Elle est trop actrice, opinait ce même Garrick. Actrice, Clairon l’est assurément, et au plus haut degré, car elle traîne partout les sciences avec elle, et, dans la vie privée, ne parle, n’agit qu’en impératrice de théâtre, demandant ses chevaux ou son dîner du ton d’Agrippine, convaincue que sans cet artifice de volonté, son âme embourgeoisée ne répercuterait que de momentanés élans de grandeur, que des tons, des gestes familiers lui échapperaient à chaque instant. Aucune crainte du ridicule, et les moqueries de Le Kain qu’elle avait persécuté à ses débuts, et qui se vengeait en la contrefaisant à miracle, ne l’arrêtent nullement : on sait la réponse magnifiquement comique qu’elle fit du ton le plus noble à son amie la princesse Galitzin qui, la voyant étendue d’un air dolent dans sa bergère, insistait pour connaître le siège de son mal. Ce qu’on ne saurait trop louer, c’est l’étude approfondie, la perfection de son jeu, le talent de diriger la voix à son gré, chaque rôle confronté à l’histoire, à la philosophie morale, l’un d’eux, celui de Monime, abordé après quinze ans de travail, le goût du dessin et de la statuaire antique, l’amour de l’exactitude poussé jusqu’à s’assurer, par des leçons d’anatomie, du mouvement des muscles et des règles du jeu muet. Il faut vous faire une voix, conseillait-elle à Hérault de Séchelles[1], avoir l’air de créer ce qu’on dit, changer de ton à chaque changement de sens, chercher dans la phrase le mot qui porte, donner aux mots leur juste valeur, leur véritable étendue (car chaque chose a son accent qui lui est propre).
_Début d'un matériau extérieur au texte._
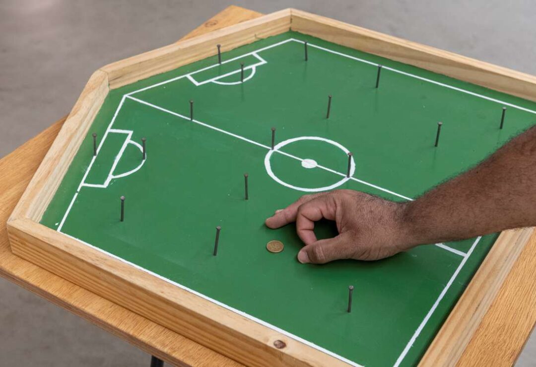 As múltiplas narrativas que Froiid tece ao conceber esta exposição – que não é apenas um espaço físico, mas igualmente emocional, mental, imaginário – encontram-se profundamente enraizadas na cultural popular brasileira. Em conjunto, elas constroem um espaço para o convívio e o lazer, para o jogo e para a malandragem. O artista invoca um universo maioritariamente masculino, onde coexistem as apostas e o vício, o vagar e a competição, a sorte e o azar. Entramos em Mundaréu e somos instantaneamente implicadas/os através dos convites abertos ao jogo. Entramos em Mundaréu e somos envolvidas/os por uma amálgama de sons ecléticos. Entramos em Mundaréu e assim fazemos parte de uma homenagem afetuosa aos espaços de partilha da classe trabalhadora. Com um aceno ao escritor, ator, jornalista e dramaturgo Plínio Marcos (1935-1999) e as suas Histórias das quebradas do mundaréu (1973), Froiid conecta futebol e sinuca, política e inteligência artificial, ícones e ditados populares. À entrada estão expostas em fila 20 bandeiras com varas de bambu de 5 metros de altura, constituindo Sapo de Fora não ronca (2022) que inclui também uma caixa de som colocada na rua, difundindo gravações de jogos de futebol e cantos e tambores de torcidas organizadas. As cores e padrões das bandeiras correspondem a emblemas de clubes de futebol locais.

Que voulez-vous être ? Orateur. Soyez-le partout, dans votre chambre, dans la rue. Ken n’est plus fort que l’habitude. Elle vient à bout de tout. Par exemple, il y a dans Massillon : « Cet enfant auguste vient de naître pour la perte comme pour le salut de plusieurs. » Elle voulait qu’en parlant de la perte, le visage reflétât la douleur de voir des hommes condamnés, qu’en parlant du salut il marquât de la joie : « Un jour, dit Hérault de Séchelles, elle s’assit dans un fauteuil, et, sans proférer une seule parole, sans faire un seul geste, elle peignit avec le visage seul toutes les passions, la haine, la colère, l’indignation, l’indifférence, la tristesse,

  1. Orateurs et Tribuns, in-18 ; Calmann Lévy.